The unique opportunity in conversational AI is that people are telling you exactly what they want, in their own words, all of the time.
Our aim is to tap into that stream of insight and create a flywheel: a virtuous circle where AI gets better at interpreting people’s needs, we learn more about our users, and our AI helps more people do more things.
To get the flywheel rolling, a conversational team needs to know which KPIs they are accountable for, and they need a feedback loop to tell them how their efforts are impacting those KPIs. This third post in the 4-part series on CDD covers best practices for iterating and ensuring you are executing on opportunities to improve your bot.
What KPIs will we track to determine this product’s success? You should have a provisional answer by the end of your discovery process, but do allow yourself some flexibility. The true usefulness of a metric reveals itself over time, and you might not be able to measure some of your KPIs until certain milestones have been met & infrastructure is in place. What matters most is establishing a habit of systematically tracking KPIs and evaluating your efforts to move the needle on them. Worry less about choosing the perfect metric right away, and instead pick 5-10 to track and focus on building good habits.
The business value of your AI assistant is likely to be derived from a lagging metric. Lagging indicators are ones which can only be measured by deploying your bot to real users. Some common KPIs are:
The first two can be measured automatically, while #3 and #4 require explicit feedback from users. These two types of metrics are complementary, and it’s good to have one of each, especially since only a single-digit % of your users will typically respond to your feedback questions.
Leading indicators are proxies for the quality of your assistant which can also be evaluated “offline”, i.e. you can measure these on a new version of your assistant before pushing it live. The section on NLU evaluation metrics below provides some examples. While not a replacement, leading indicators are a helpful proxy to provide feedback during the development cycle. The chart below, taken from another blog post, illustrates the correlation between NLU performance and task success for one bot.

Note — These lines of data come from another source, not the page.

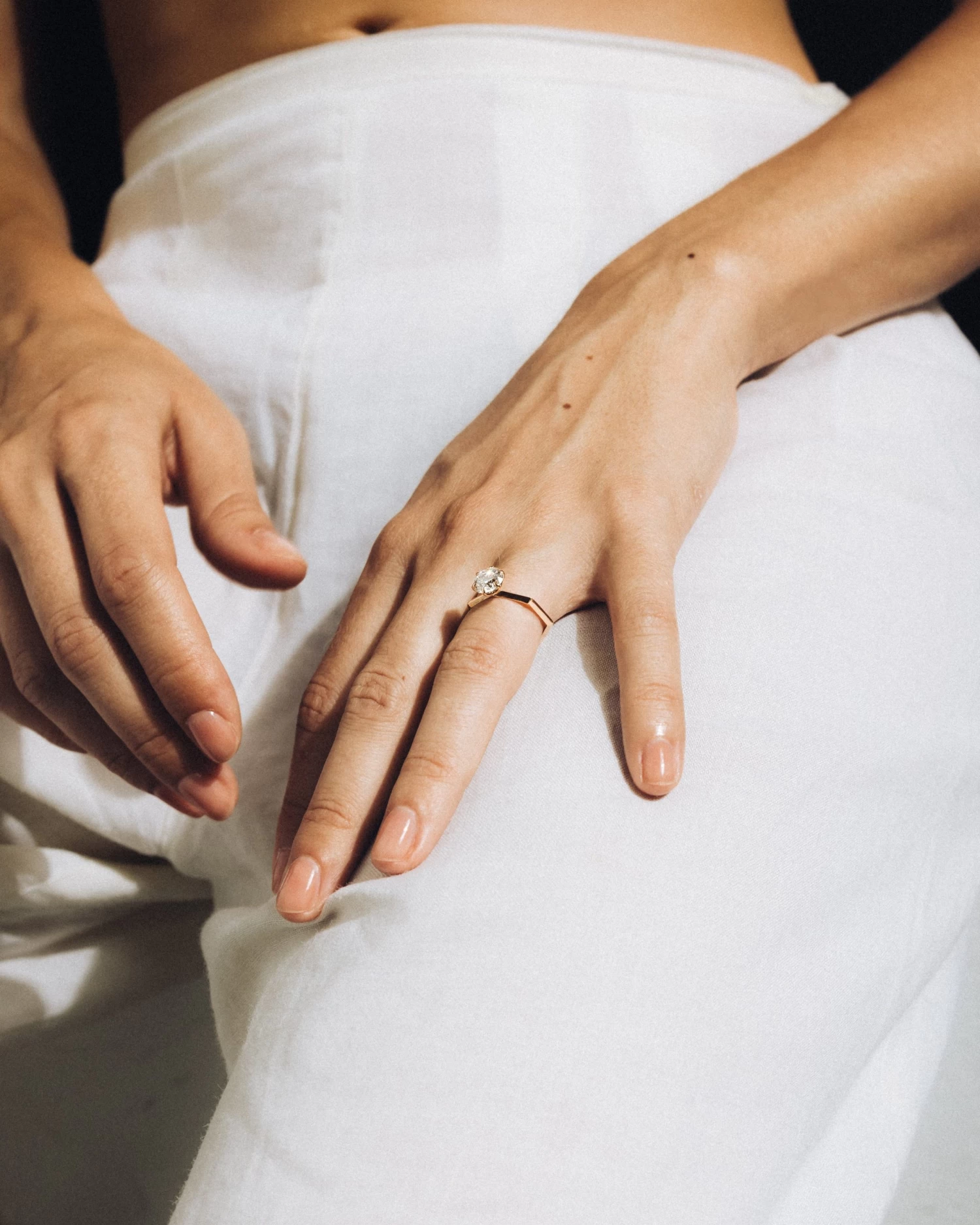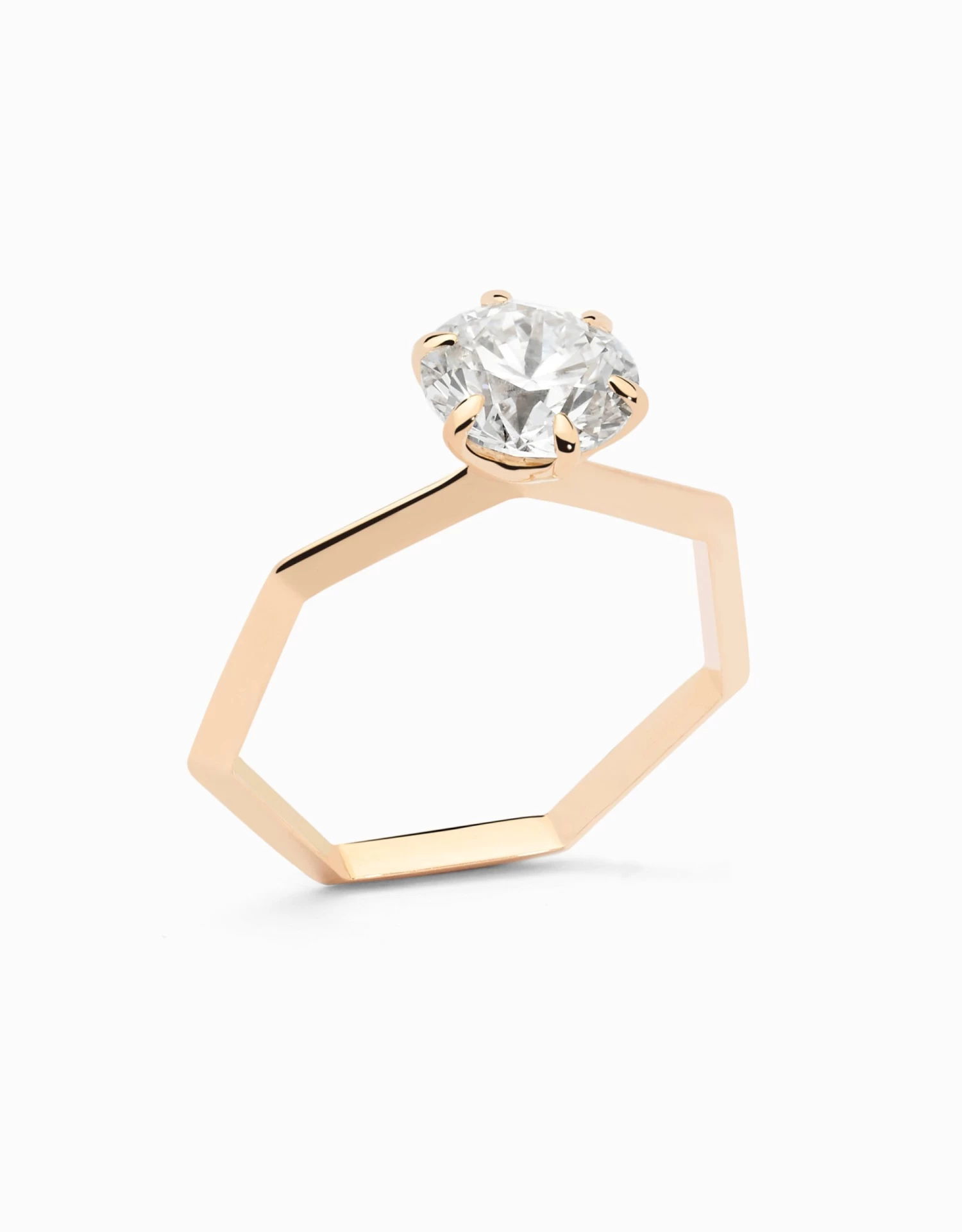 M茅s Roosik & Co que mai. Un anell que posa en dubte tots els impossibles i trenca amb el classisme dels anells de comprom铆s聽convencionals. Les l铆nies geom猫triques i minimalistes de l’anell en forma d’hept脿gon eleven el diamant, de triple聽excel路l猫ncia, quasi fent que suri聽en la teva m脿.聽
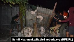 Як повідомляє кореспондент Радіо Свобода, наразі активісти руйнують металевий паркан, обтягнутий колючим дротом, яким було оточене місце майбутньої забудови.
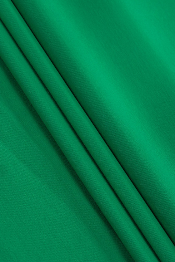 Kompakt, rugalmas jersey kötött anyag világos zöld színben. Tartalma: 70% viszkóz, 24% poliészter, 6% elasztán. A kötött anyag súlya 260g/m2. Kényelmes ruhák - ruhák, szoknyák, tréningruhák - varrására ajánljuk. Zsugorodás mosás után +-10%
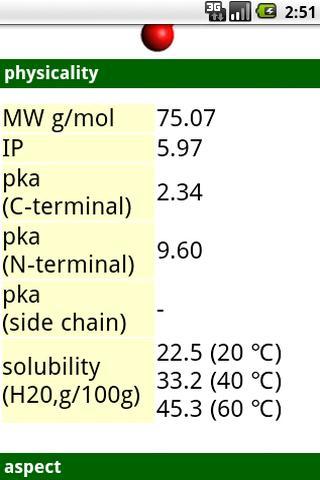 Il s'agit Amino Acids List qui est utile à ceux qui étudient la biochimie.
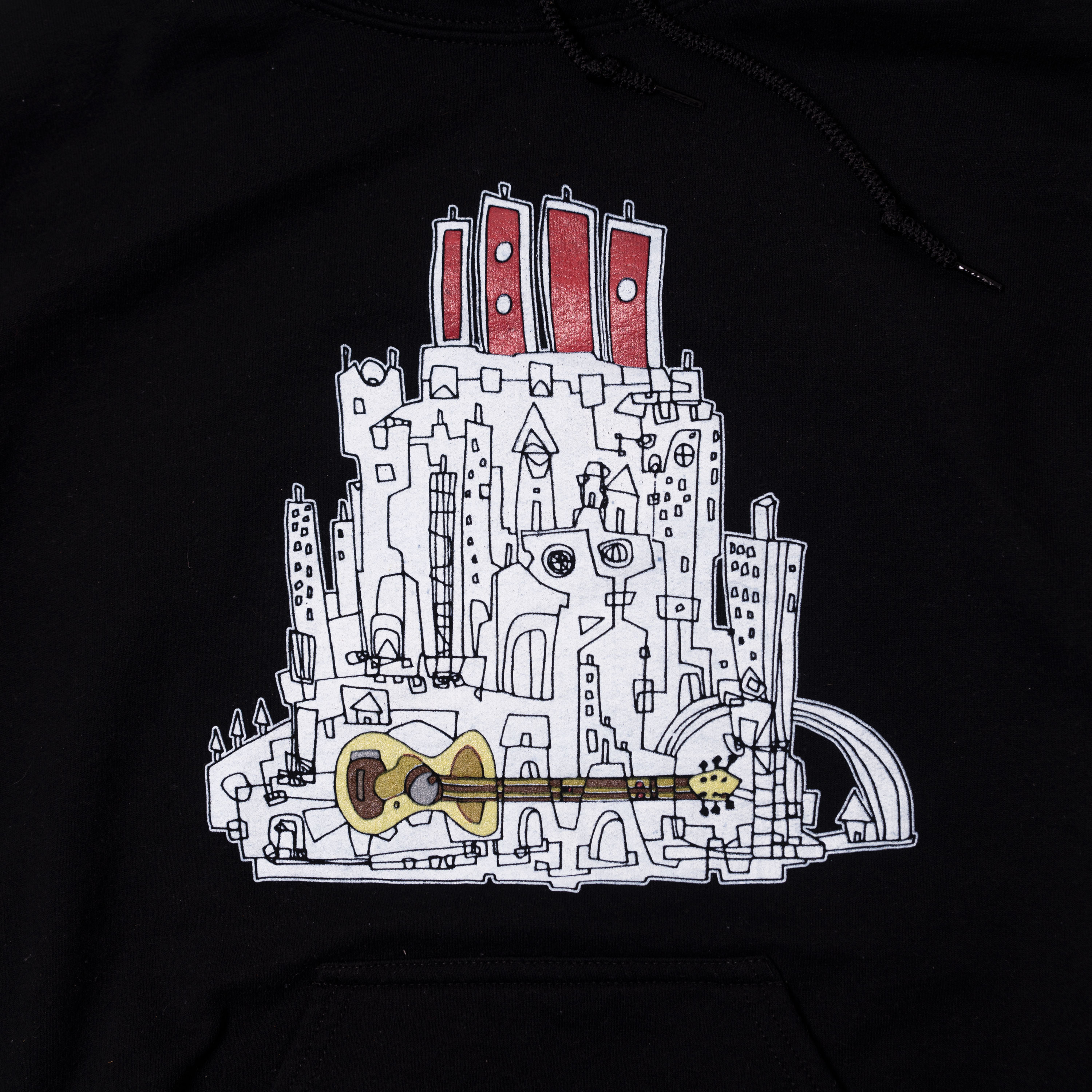 Unser StewMac by Matthew Carey Hoodie zeigt eine Vision einer musikalischen Stadt und interpretiert unser klassisches Logo komplett neu.
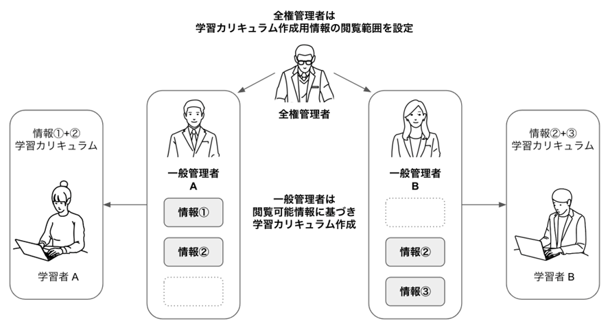 今回提供を開始する「Advancedプラン」では、学習カリキュラムを作成する管理者が「全権管理者」と「一般管理者」に分かれ、全権管理者は、一般管理者が閲覧・編集できる情報の範囲を設定できるようになります。一般管理者は、閲覧・編集権限が付与された範囲の中で学習カリキュラムが作成できます。
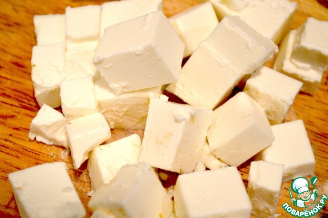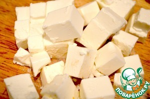 Брынзу нарезаем небольшим кубиком.
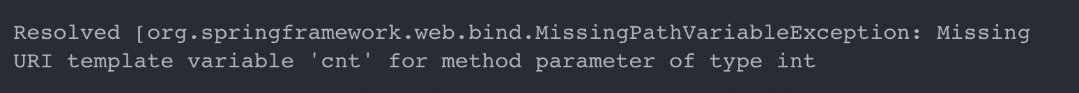 ๋ง์ฝ ์์ ๊ฐ์ด '1'์ ๋ฃ์ด์ฃผ์ง ์๊ณ , `http://localhost:8080/test/`์ด๋ ๊ฒ๋ง ์์ฒญ์ ๋ณด๋ด๊ฒ ๋๋ฉด ์๋์ ๊ฐ์ Error๊ฐ ๋ฐ์ํ๊ฒ ๋๋ ๊ฒ์ด์์.
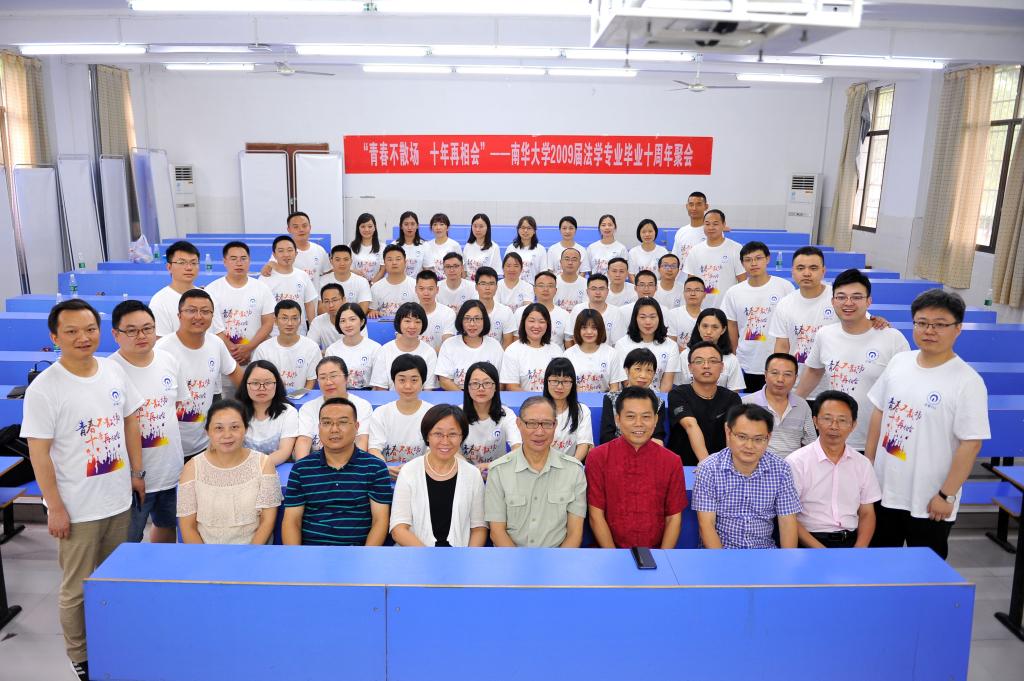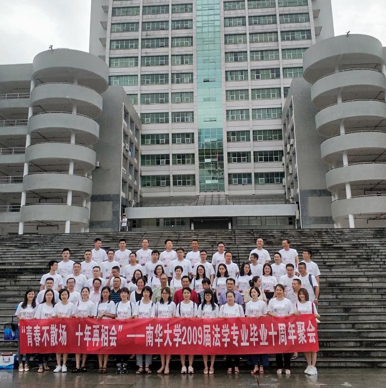 时光如同指尖流过的细沙,转眼间已是十年后的浅夏。在缕缕栀子幽香,浓浓的梧桐绿意中,7月6号,南华大学2009届法学专业毕业生迎来了他们十周年的聚会,50多名校友齐聚南华大学MBA大楼,受邀出席的还有:现经管法学院院长王铁骊,原文法学院党委书记龙志坚,原文法学院法学系第一任系主任邹鲁军,原文法学院法学系第二任系主任马柳颖,现法学系副主任曾冰,以及李满成、蒋卫军、李俊梅、费赫夫、蒋福明和卢清华等多位领导和老师。
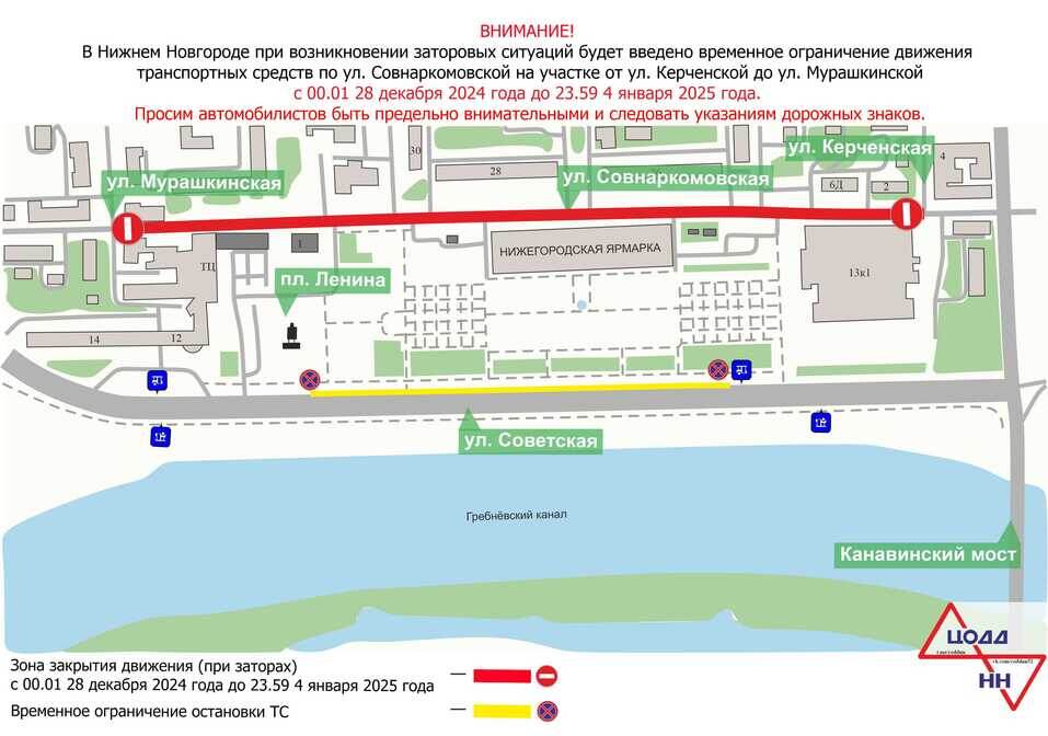 В Нижнем Новгороде в новогодние каникулы будет введен ряд ограничений для движения транспорта. В частности, при возникновении заторов с 00:01 28 декабря 2024 г. до 23:59 4 января 2025 г. будет запрещен проезд по улице Совнаркомовской — по участку от улицы Керченской до улицы Мурашкинской. По данным городского департамента транспорта, с 17:00 31 декабря 2024 г. до 9:00 1 января 2025 г. также будет перекрыт проезд от Верхневолжской набережной до улицы Минина на площади Минина. NN.DK.RU писал также, что 26 декабря 2024 г. в Нижнем Новгороде ввели запрет на остановку и стоянку на части Нижневолжской набережной.
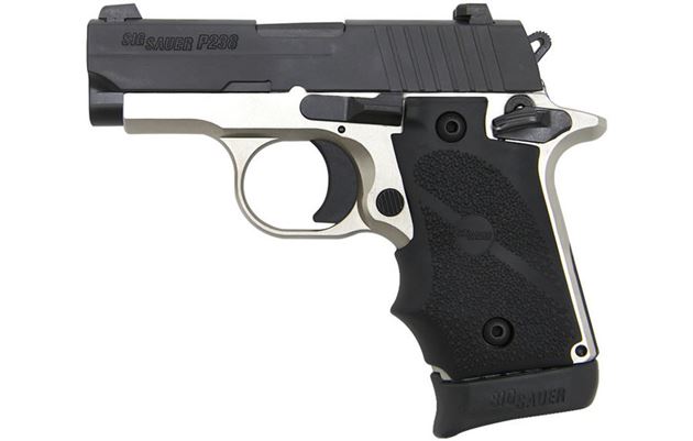 The NBS15 Two-Tone Platinum is the newest addition to Sig Sauer’s line of P238 pistols. Chambered for 380 Auto and featuring a reverse two-tone finish, SIGLITE night sights and a custom one-piece wraparound Hogue black rubber grip, the P238 is the ultimate firepower in an all metal frame concealed handgun. The new, special edition P238 NBS15 comes inside of a lockable hard case, which also houses two magazines – one 7-round extended magazine and one 6-round flush-fit magazine. The wraparound black rubber grip is a comfortable, practical upgrade, featuring finger grooves and a stipled cobblestone surface for improved traction.

Connecting the Dots between Releases and Improvements
Anyone on your team should be able to say “in our latest release we worked on improving X and the result was Y”. It’s vital that the team is empowered with this feedback loop - without it, the best they can do is guess.
In any given sprint, you’ll be focused on improving 1-2 areas of your bot. To see the impact your efforts have, you need to be able to view a drilldown of your KPIs, broken down by the different user goals your bot supports.
At the end of a sprint, you will have improved the bot in certain ways, and anyone on your team should be able to say what the expected result will be. This is where drilldowns are especially important - an incremental change can disappear when aggregated with all other user goals.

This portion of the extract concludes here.